Athletes therefore develop an awareness of their body through practice, which allows those who perform at the highest levels to quickly pick up entirely new movements and techniques. They can see an exercise performed by someone else and understand what that person is doing without ever having seen it before. Crucially, they understand how they can do it, too.
Athletes also understand their sport at the so-called a gut level. Sometimes, what appears to be superstition is actually intuition developed through experience. A pitcher may instinctively adapt his strategy to different weather conditions without knowing why. He may not even be consciously aware that he is doing so.
It may surprise some readers, but all exercise requires a high degree of this tacit knowledge. The longer you lift weights and the more you try to learn about the human body, the more you become aware of just how complex human movement is. You realize how little you used to know. Exercises that once seemed simple now feel complicated in ways that you find difficult to convey. You begin to come to terms with the limits of your own knowledge and awareness, and you grasp a hint of just how much more there is to know. Even at this late date, there is much that we do not understand about the body.
There are those who find weight training boring. It appears repetitive, often performed inside buildings without aesthetic interiors, and mindless. But then there are others, including many athletes and sports professionals, who don’t find it mindless. To them, it engages the mind at a very high level. A movement such as the deadlift, for instance, appears simple, but it requires a great degree of coordination between most of the major (and many minor) muscle groups within the body. It is technically and mechanically interesting. If you deadlift very heavy, you can’t let your mind wander. You must be focused on what you are doing. You feel different muscles within your body engage, and you can tell if something fires improperly or if you relax too early.

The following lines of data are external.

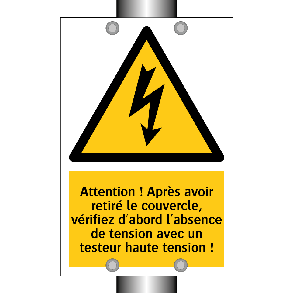 Panneau d'avertissement avec le texte : "Attention ! Après avoir retiré le couvercle, vérifiez d'abord l'absence de tension avec un testeur haute tension !"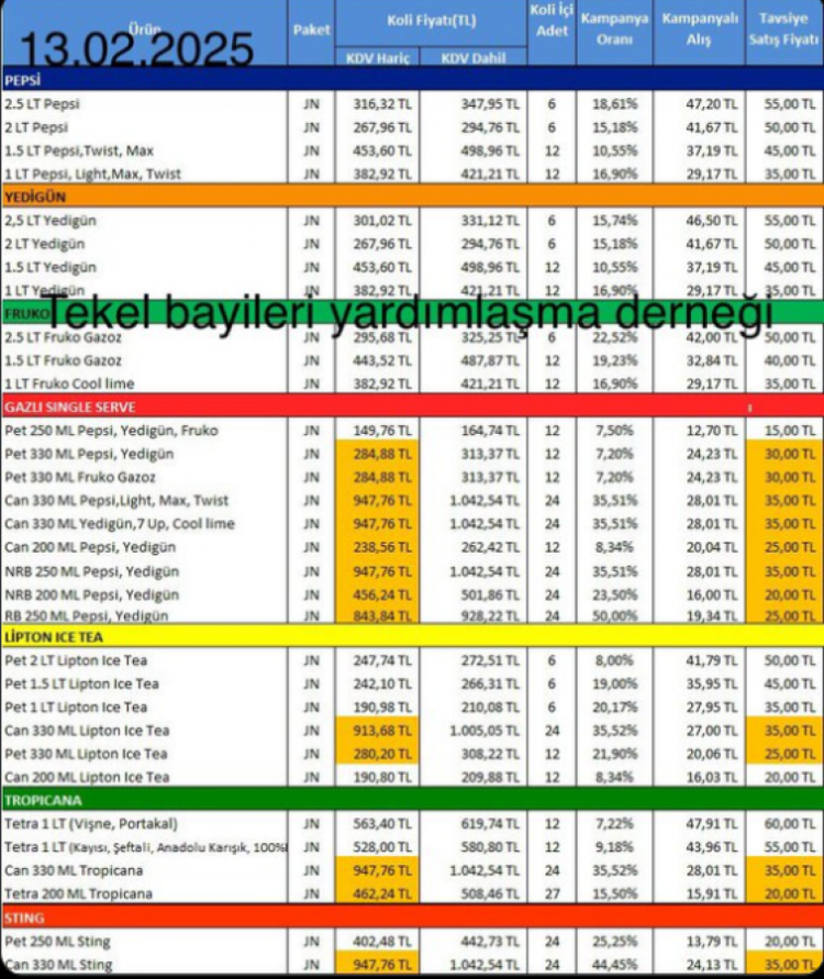 TBYD Başkanı Erol Dündar, pepsi grubuna zam yapıldığını duyurdu.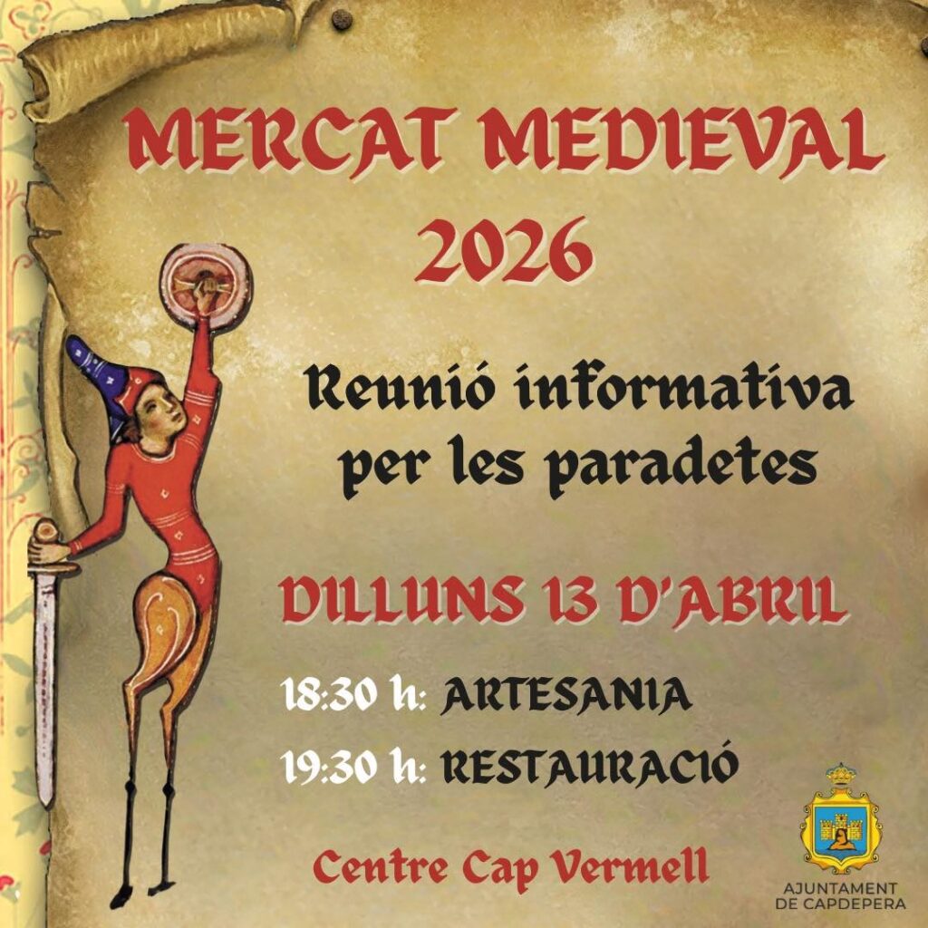 L’Ajuntament de Capdepera ha publicat la llista d’admesos i exclosos que han sol·licitat participar en el Mercat Medieval 2026. Així mateix convoca a una reunió informativa per dia 13 d’abril al Centre Cap Vermell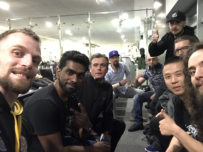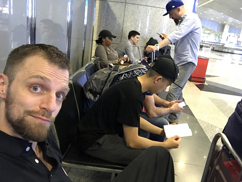 Notre avion décollant à 10h20 le matin, nous avions prévu de nous retrouver à l’aéroport CDG à 7h30. Nous avions également créé un groupe WhatsApp pour que nous puissions tous nous tenir au courant de qui en était où. Certains étaient manifestement très pressés de partir car nous avons reçu les premiers messages d’Alfred et Jérôme nous annonçant qu’ils était sur place vers 6h30 !
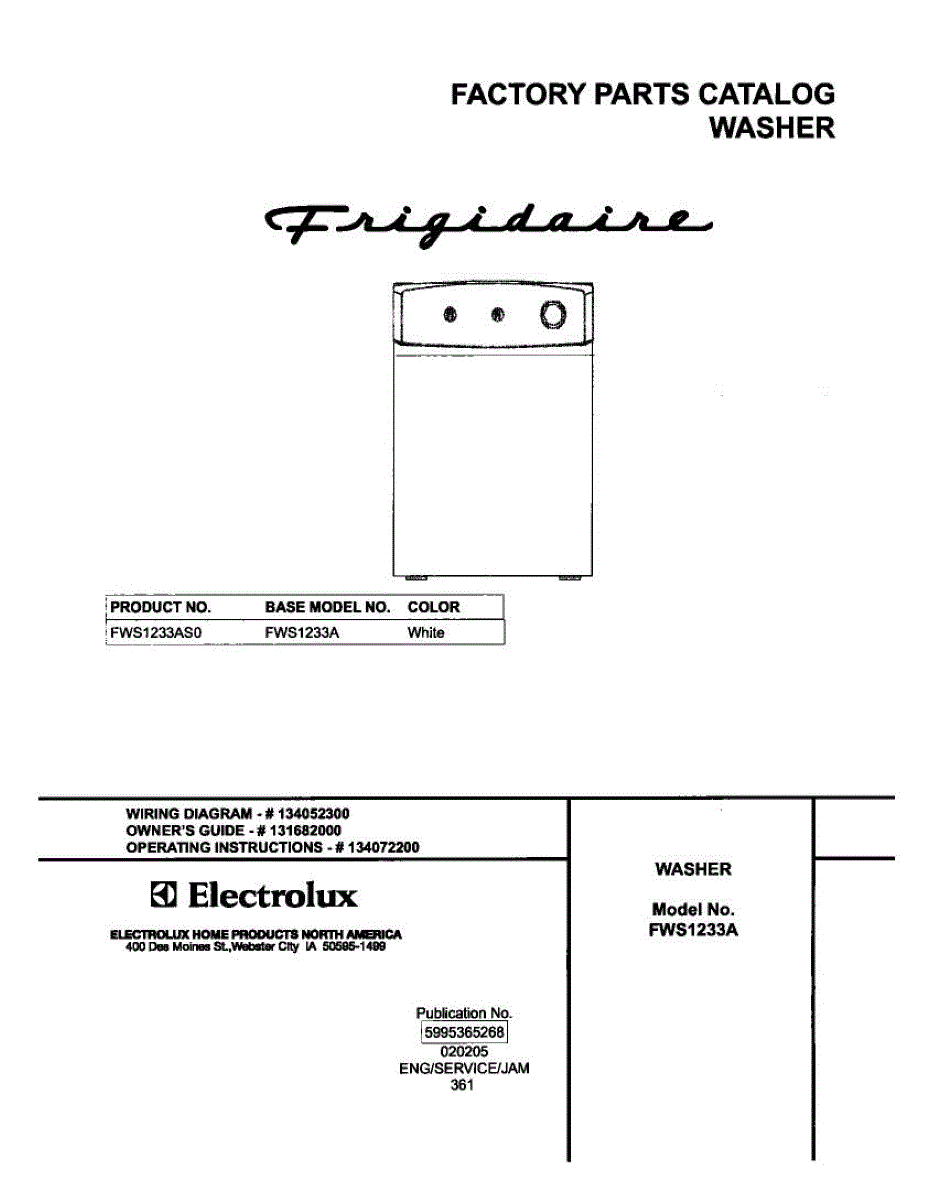 Parts for Frigidaire FWS1233AS0: 01 - Cover Parts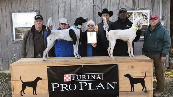 2020 National Championship was a tremendously successful event. Great hosts in west Tennessee, unbelievable support of our auction and excellent fellowship. Thank you to our sponsors Purina, Garmin, Mule Clothing, and Gun Dog Supply, and Gun Dog Central. Also to Ross Callaway for bird planting, Blake Kukar for the grounds, and the WTFTC for your hospitality. Special thanks to our judges Harold Woodward of Vilonia, Arkansas and John Hott of Hoopeston Illinois.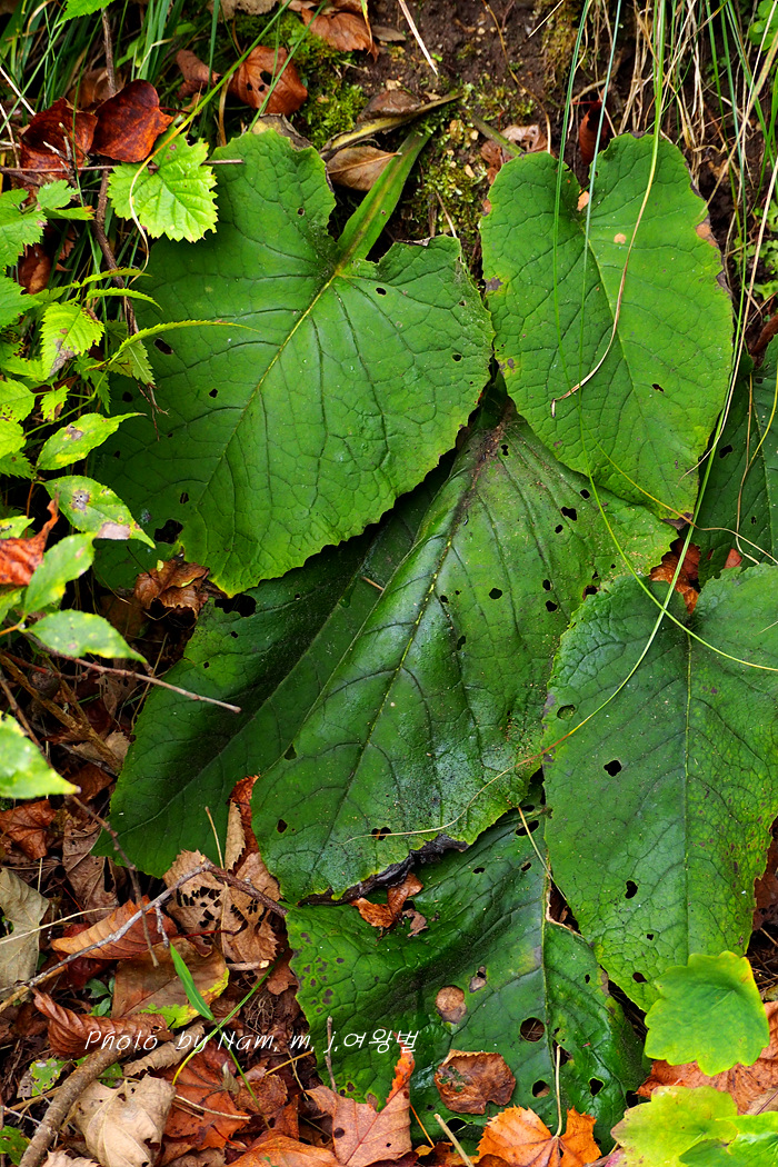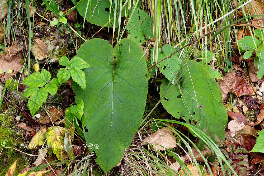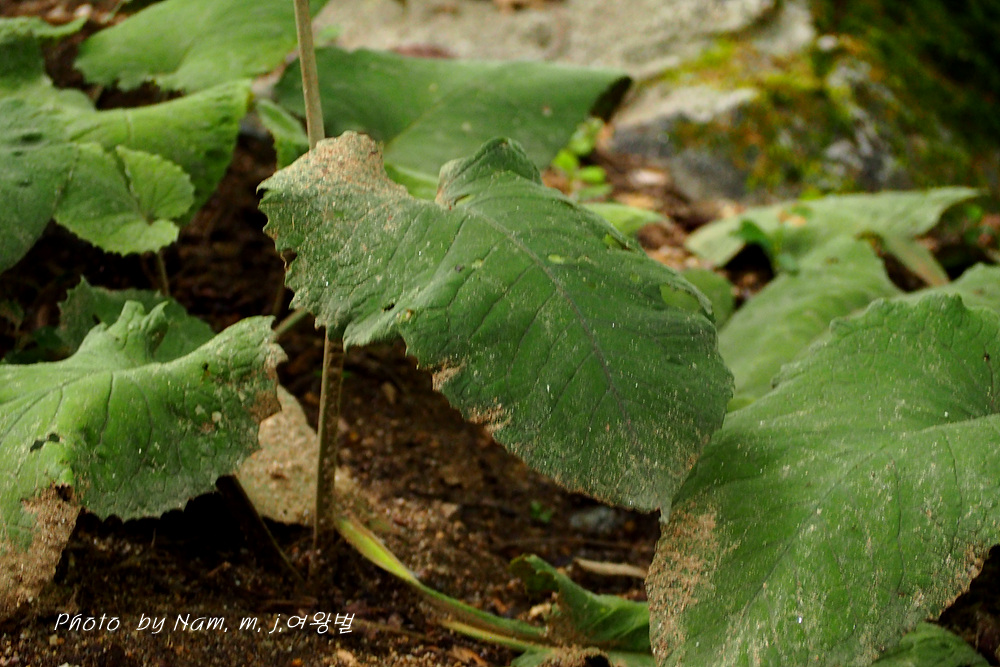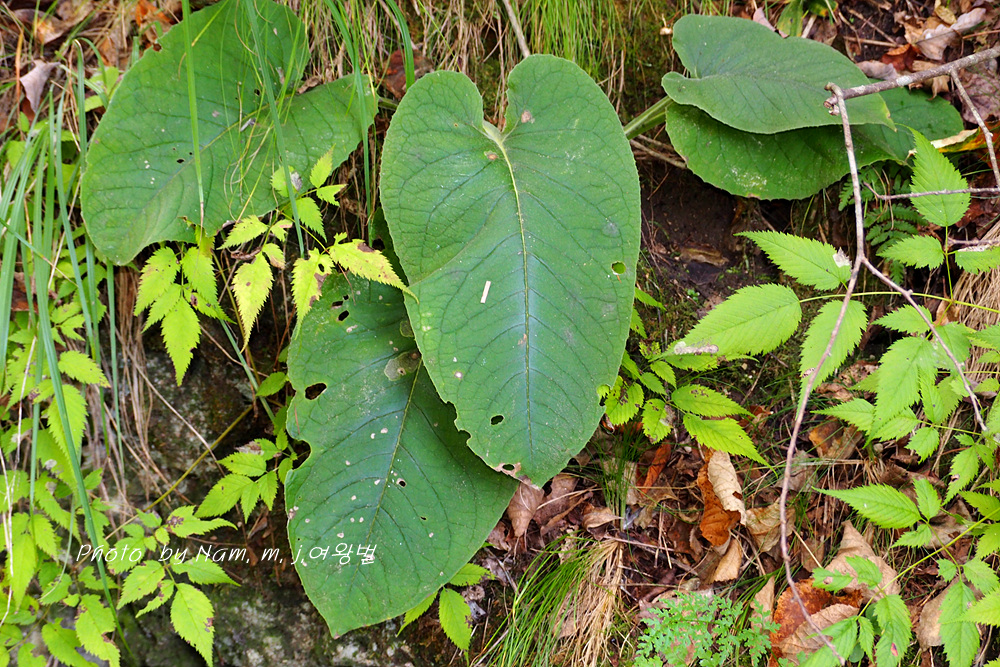 뿌리잎은 꽃 필 때 없어지며 잎자루까지 30cm에 이르는 대형이다.

For an athlete, and especially for a trainer, every workout is an opportunity to gain this type of knowledge. Not only is each workout designed to stimulate key physiological parameters, but it is also an opportunity to practice. That could mean practicing new movements or techniques, or it could mean mastering the same skill one has honed for years. It could mean trying to develop new tweaks and innovations, or it could mean focusing on deepening one’s instinct for physical movement. It is a deliberate form of practice, a deep practice, one that is anything but mindless.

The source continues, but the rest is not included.